Virtual Background

What is Virtual Background?

Virtual background is a feature that uses machine learning to identify and separate a person from their background in real-time video, then either replaces the background with a custom image/video or applies blur effects. This technology enables users to maintain privacy, hide messy environments, or add professional or creative backgrounds to their video calls.

In WebRTC applications, virtual backgrounds are implemented using computer vision algorithms that perform semantic segmentation on each video frame, classifying pixels as either "person" or "background" and then processing them differently.
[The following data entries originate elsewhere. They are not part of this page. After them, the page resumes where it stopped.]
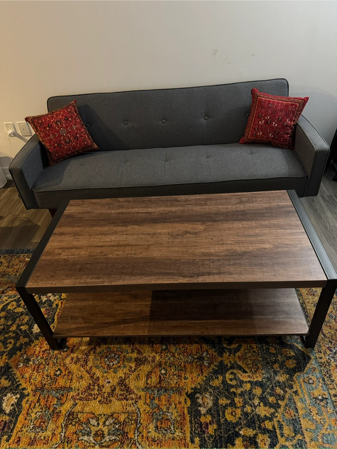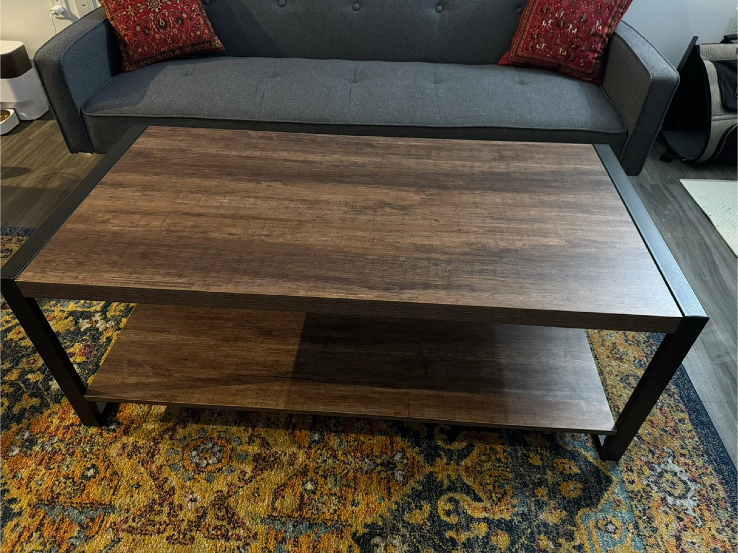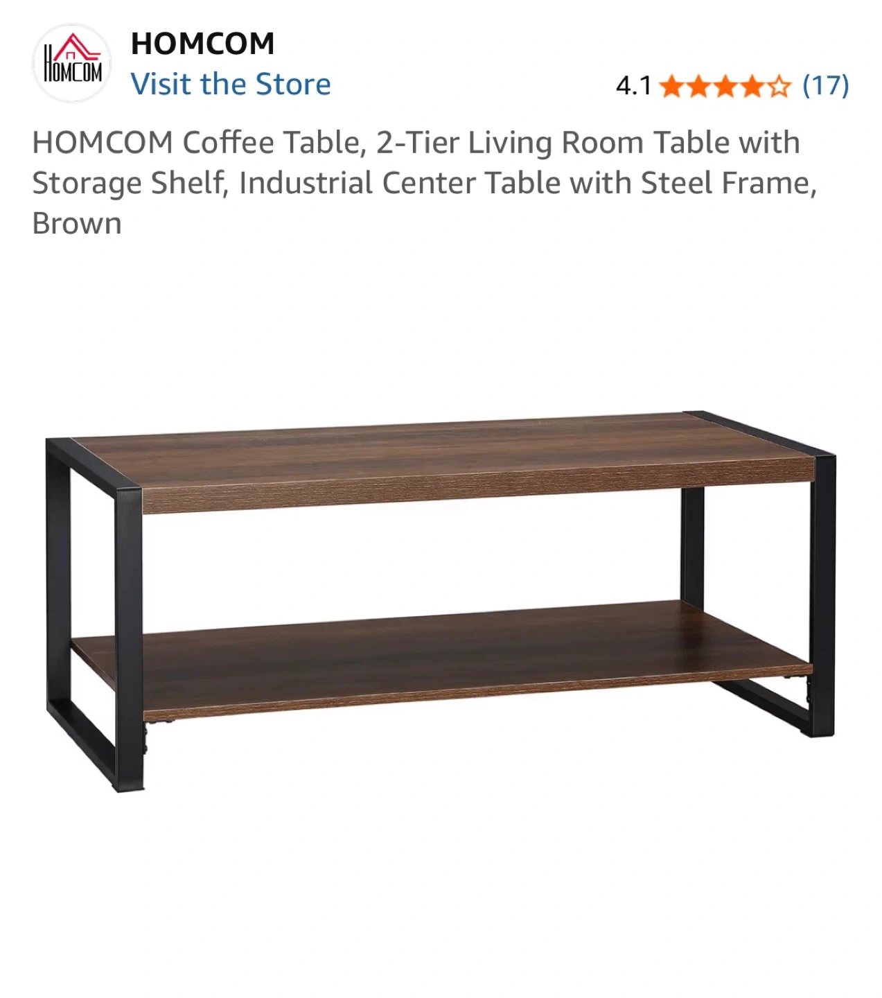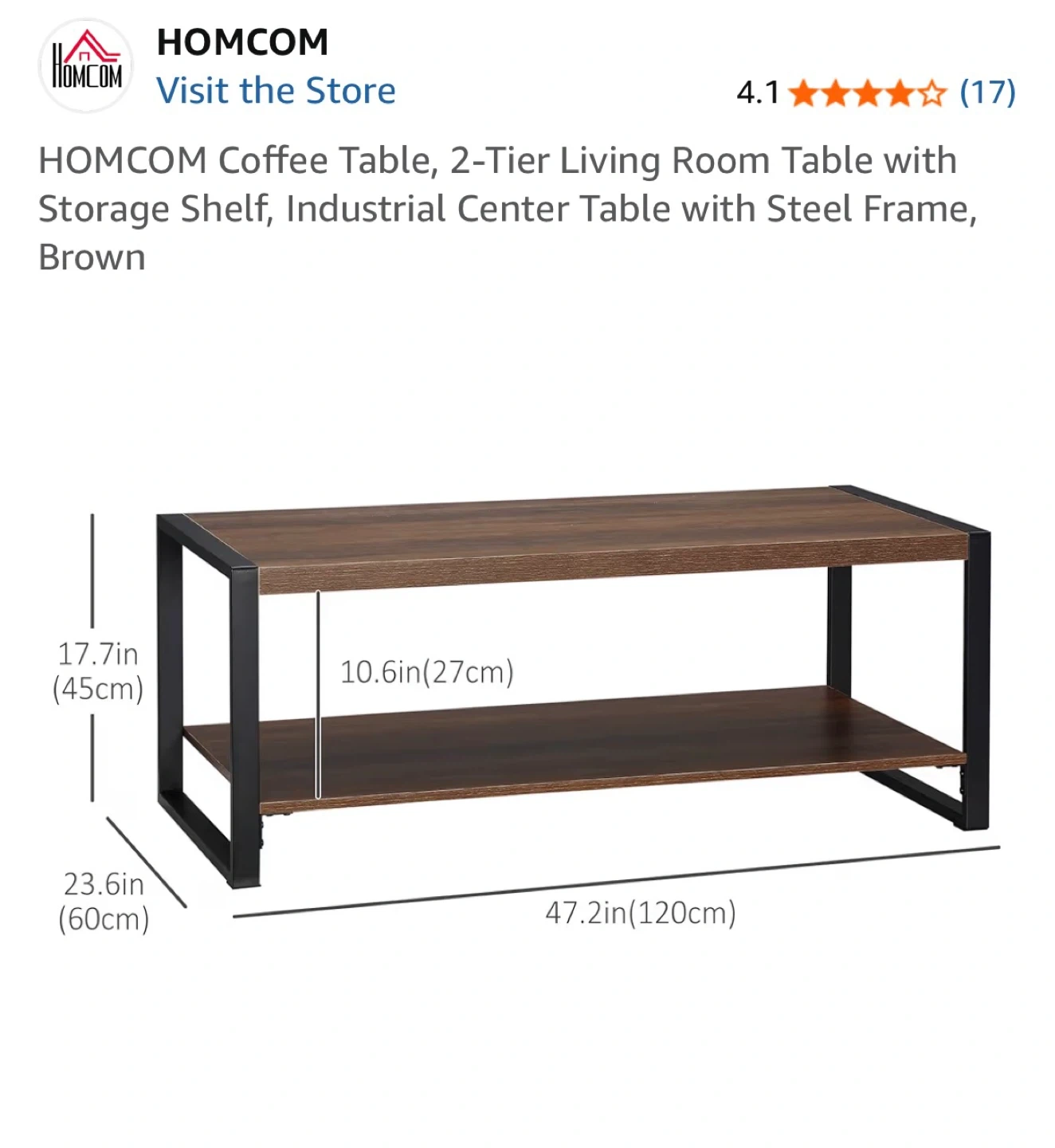 Selling a HOMCOM coffee table in great condition! It's a 2-tier living room table with a storage shelf and an industrial center table with a steel frame. The table is brown and measures approximately 47.2 inches (120cm) in length, 23.6 inches (60cm) in height, and 17.7 inches (45cm) in width. It's perfect for adding a touch of industrial style to your living room!
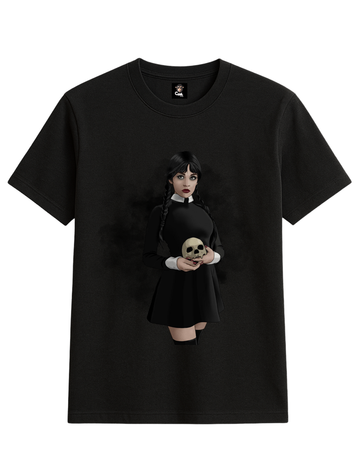 Designed with hauntingly detailed skull artwork inspired by the Wednesday aesthetic, this graphic is dark without being edgy, eerie without being try-hard — a perfect balance of macabre and wearable art that Morticia herself would approve.
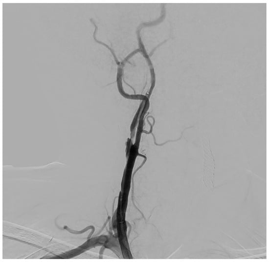 Final DSA control, in a patient with significant (>50%) stenosis of the ICA who has been treated by positioning a closed-cell stent (Boston Scientific Wallstent, 8 × 30 mm, 300 Boston Scientific Way Marlborough, MA 01752-1234) dilated with a balloon catheter (Ultraverse PTA dilatation catheter 6 × 20 mm, Becton, Dickinson and Company’s, 1 Becton Drive, Franklin Lakes, New Jersey 07417, USA).
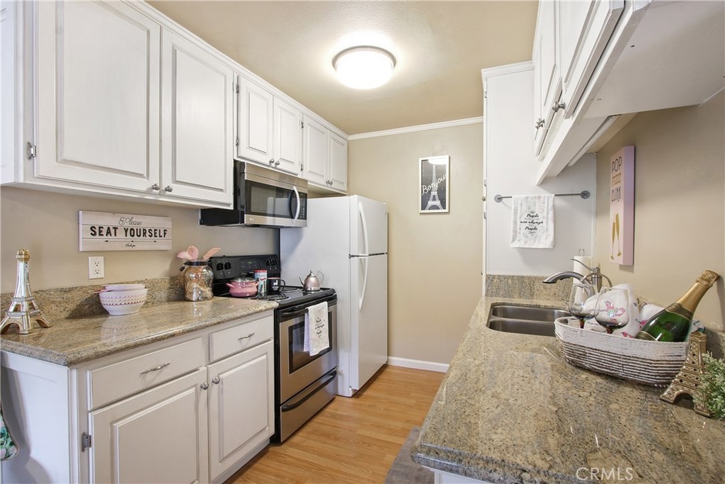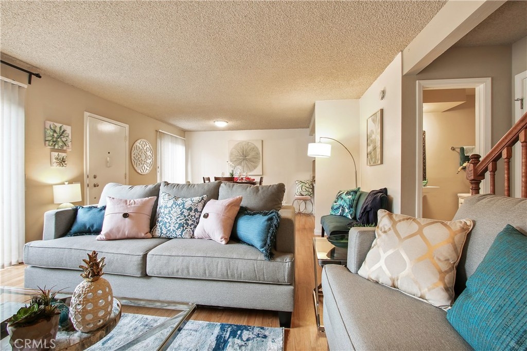 This beautifully updated condo at Miraleste Canyon Estates is ready for you to call home! Located in the middle of the complex but close to walkways, parking, laundry and pool. Gleaming bright white cabinets in kitchen & baths with brushed nickel hardware. Kitchen also features granite countertops, stainless steel range and microwave. Dishwasher. Engineered hardwood flooring in living areas, kitchen and stairs. Tile floors in all bathrooms. Newer air conditioning unit was recently installed. Good sized front patio is enclosed to enjoy al fresco dining or a cup of morning coffee. This unit comes with TWO parking spaces. There is the potential to add laundry to the unit. Large closet runs under staircase for additional storage. Complex has 3 pools and jacuzzi's, a clubhouse, two weight rooms, cardio room, 24-hour guarded entry gate, pet stations, and more. A few steps from Rancho Palos Verdes, you are surrounded by single family homes. Easy access to freeway entrance, shopping, restaurants, two parks and more!
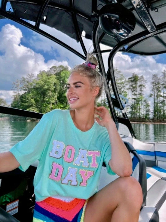 Such a cute tee…love the chenille lettering. Pair this with your favorite denim shorts or go up a size or two for an oversized swim cover up!
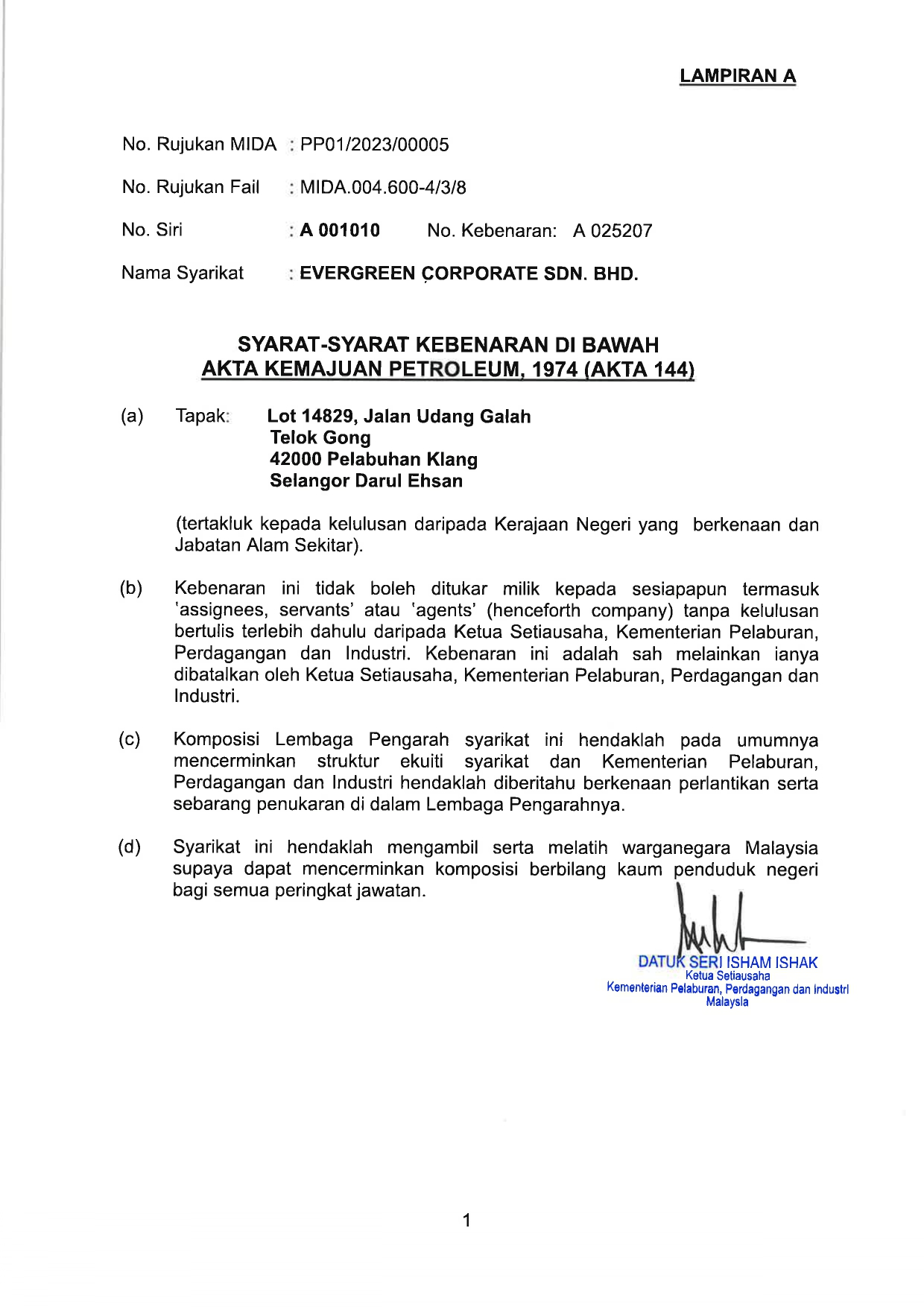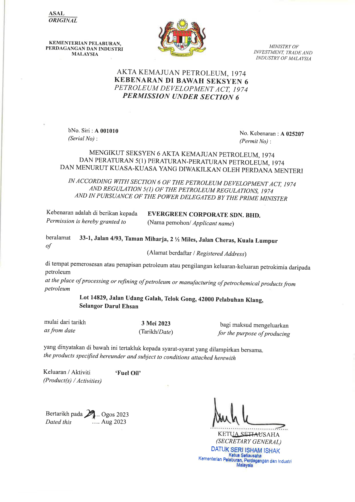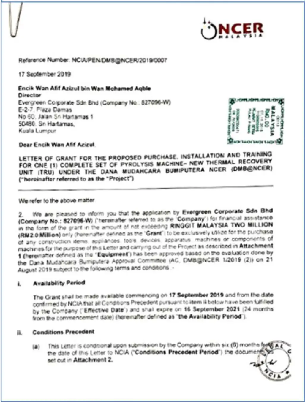 Our licensed operations in Simpang Pulai, Perak has operated a 30 tons per day plant since 2009. Currently set up a Phase 2 pilot plant in 2021 at Telok Gong, Selangor using TRU green technology with recycling capacity of 60 tons per day. Up comming participation with MARA, aim to set up Phase 3 plant at Simpang Pulai, Perak using TRU green technology with recycling capacity of 480 tons per day with investment of MYR200m (Target on 2024).

How Virtual Background Works

Semantic Segmentation Process

The core technology behind virtual backgrounds involves these steps:

Frame Capture: Capture video frames from the user's camera using getUserMedia()
ML Inference: Run each frame through a machine learning model that classifies every pixel as person or background
Mask Generation: The ML model outputs a segmentation mask - a grayscale image where white represents the person and black represents the background
Background Processing: Apply blur effect or replace background pixels based on the mask
Frame Composition: Combine the segmented person with the new background
Stream Output: Send the processed frames to WebRTC peer connection

Implementation with Insertable Streams

Modern WebRTC implementations use the Insertable Streams API (also called Encoded Transform API) for efficient frame processing:

// Get camera stream
const stream = await navigator.mediaDevices.getUserMedia({ video: true });

// Create video track processor
const videoTrack = stream.getVideoTracks()[0];
const processor = new MediaStreamTrackProcessor({ track: videoTrack });
const generator = new MediaStreamTrackGenerator({ kind: 'video' });

// Process frames
const transformer = new TransformStream({
  async transform(frame, controller) {
    // Run ML segmentation
    const mask = await segmentationModel.predict(frame);
    // Apply background effect
    const processedFrame = applyVirtualBackground(frame, mask, backgroundImage);
    controller.enqueue(processedFrame);
    frame.close();
  }
});

processor.readable.pipeThrough(transformer).pipeTo(generator.writable);

Machine Learning Technologies

MediaPipe Selfie Segmentation

MediaPipe is Google's open-source framework for building ML pipelines. The Selfie Segmentation model is specifically optimized for person segmentation in video conferencing scenarios:

Performance: Fastest option, typically achieving 30-60 FPS on modern hardware
Accuracy: High-quality segmentation for people within 2 meters of the camera
Technology: Uses WebAssembly (WASM) for near-native performance in browsers
Model Size: Compact models (~1-3 MB) optimized for real-time use
Acceleration: Leverages XNNPACK library for hardware acceleration

MediaPipe is the same technology used in Google Meet and is the recommended solution for production WebRTC applications as of 2025.

TensorFlow.js BodyPix

BodyPix is a TensorFlow.js model for person and body part segmentation:

Performance: Moderate, 15-40 FPS depending on browser and hardware (Chrome significantly faster than Firefox)
Flexibility: Can segment individual body parts, not just person vs background
License: Apache License, suitable for commercial use
Browser Support: Good cross-browser compatibility
Model Variants: Multiple model architectures available (MobileNet, ResNet) with quality/performance tradeoffs

BodyPix is easier to integrate but generally slower than MediaPipe for simple background replacement use cases.

TensorFlow DeepLab v3+

DeepLab v3+ is a high-quality semantic segmentation model:

Accuracy: Excellent segmentation quality, better edge detection
Performance: Slower than MediaPipe/BodyPix, typically 5-15 FPS
Use Case: Better suited for pre-recorded video processing than real-time conferencing
Resource Usage: Higher CPU/GPU requirements